About this exercise ▸ Give back every line of the material below exactly, but no images.

Dataset section ▸
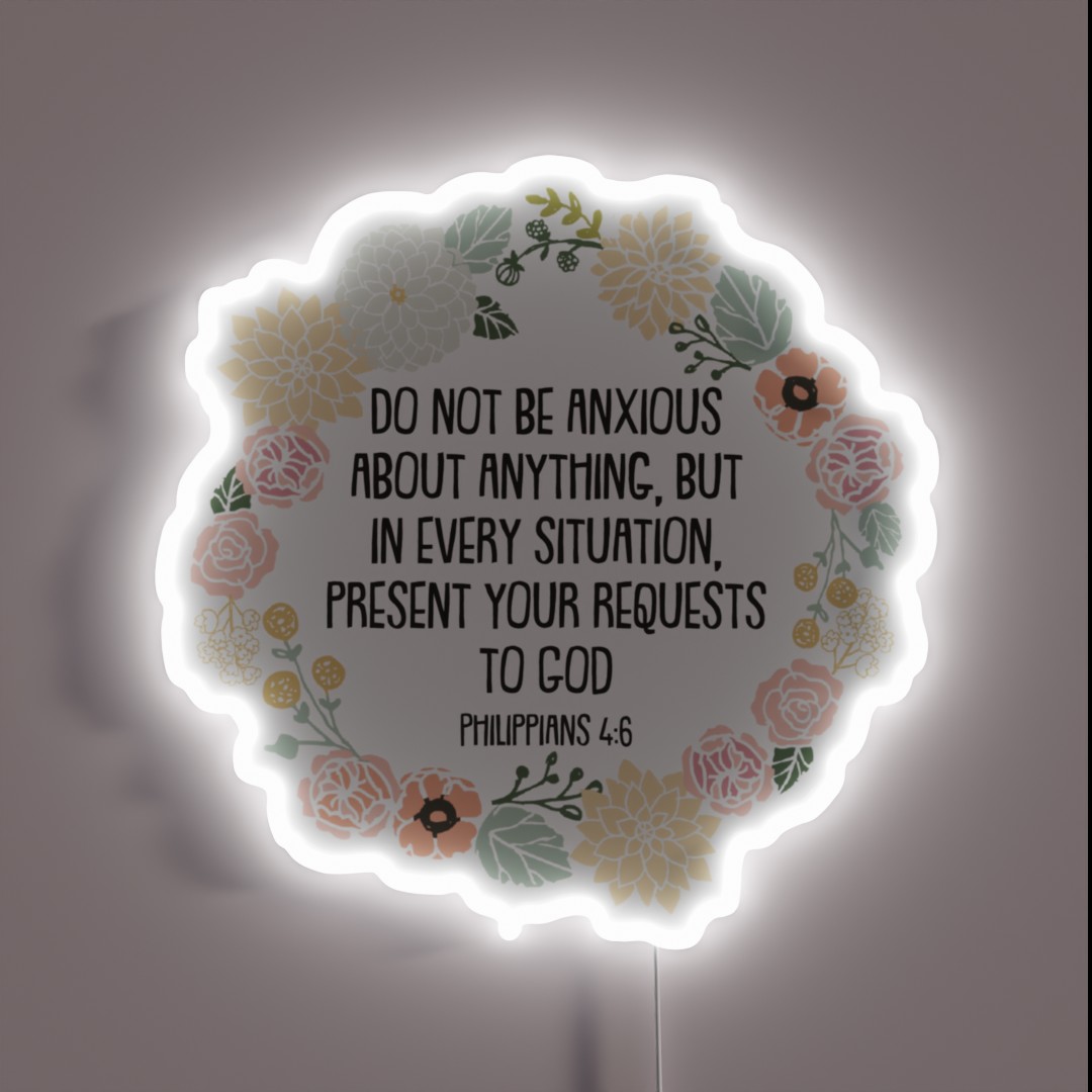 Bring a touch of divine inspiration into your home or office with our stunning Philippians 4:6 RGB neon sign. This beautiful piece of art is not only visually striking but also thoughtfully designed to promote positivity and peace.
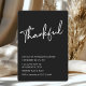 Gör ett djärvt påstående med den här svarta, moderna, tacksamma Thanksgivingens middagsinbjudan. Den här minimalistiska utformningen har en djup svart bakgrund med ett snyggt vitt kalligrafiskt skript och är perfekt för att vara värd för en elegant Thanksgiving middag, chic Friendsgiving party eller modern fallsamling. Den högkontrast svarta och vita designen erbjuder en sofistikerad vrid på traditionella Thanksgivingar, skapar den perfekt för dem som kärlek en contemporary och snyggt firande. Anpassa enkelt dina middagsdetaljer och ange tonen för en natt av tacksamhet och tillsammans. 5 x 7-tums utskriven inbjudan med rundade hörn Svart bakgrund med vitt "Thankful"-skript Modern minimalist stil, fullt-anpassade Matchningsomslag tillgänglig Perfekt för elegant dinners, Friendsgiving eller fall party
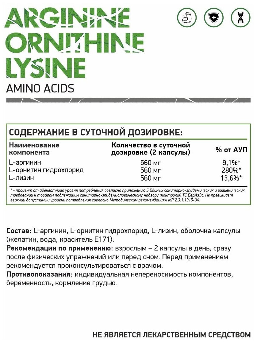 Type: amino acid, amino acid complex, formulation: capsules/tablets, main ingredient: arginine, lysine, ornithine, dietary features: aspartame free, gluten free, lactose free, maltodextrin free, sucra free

Response for this exercise ▸
 Bring a touch of divine inspiration into your home or office with our stunning Philippians 4:6 RGB neon sign. This beautiful piece of art is not only visually striking but also thoughtfully designed to promote positivity and peace.
 Gör ett djärvt påstående med den här svarta, moderna, tacksamma Thanksgivingens middagsinbjudan. Den här minimalistiska utformningen har en djup svart bakgrund med ett snyggt vitt kalligrafiskt skript och är perfekt för att vara värd för en elegant Thanksgiving middag, chic Friendsgiving party eller modern fallsamling. Den högkontrast svarta och vita designen erbjuder en sofistikerad vrid på traditionella Thanksgivingar, skapar den perfekt för dem som kärlek en contemporary och snyggt firande. Anpassa enkelt dina middagsdetaljer och ange tonen för en natt av tacksamhet och tillsammans. 5 x 7-tums utskriven inbjudan med rundade hörn Svart bakgrund med vitt "Thankful"-skript Modern minimalist stil, fullt-anpassade Matchningsomslag tillgänglig Perfekt för elegant dinners, Friendsgiving eller fall party
 Type: amino acid, amino acid complex, formulation: capsules/tablets, main ingredient: arginine, lysine, ornithine, dietary features: aspartame free, gluten free, lactose free, maltodextrin free, sucra free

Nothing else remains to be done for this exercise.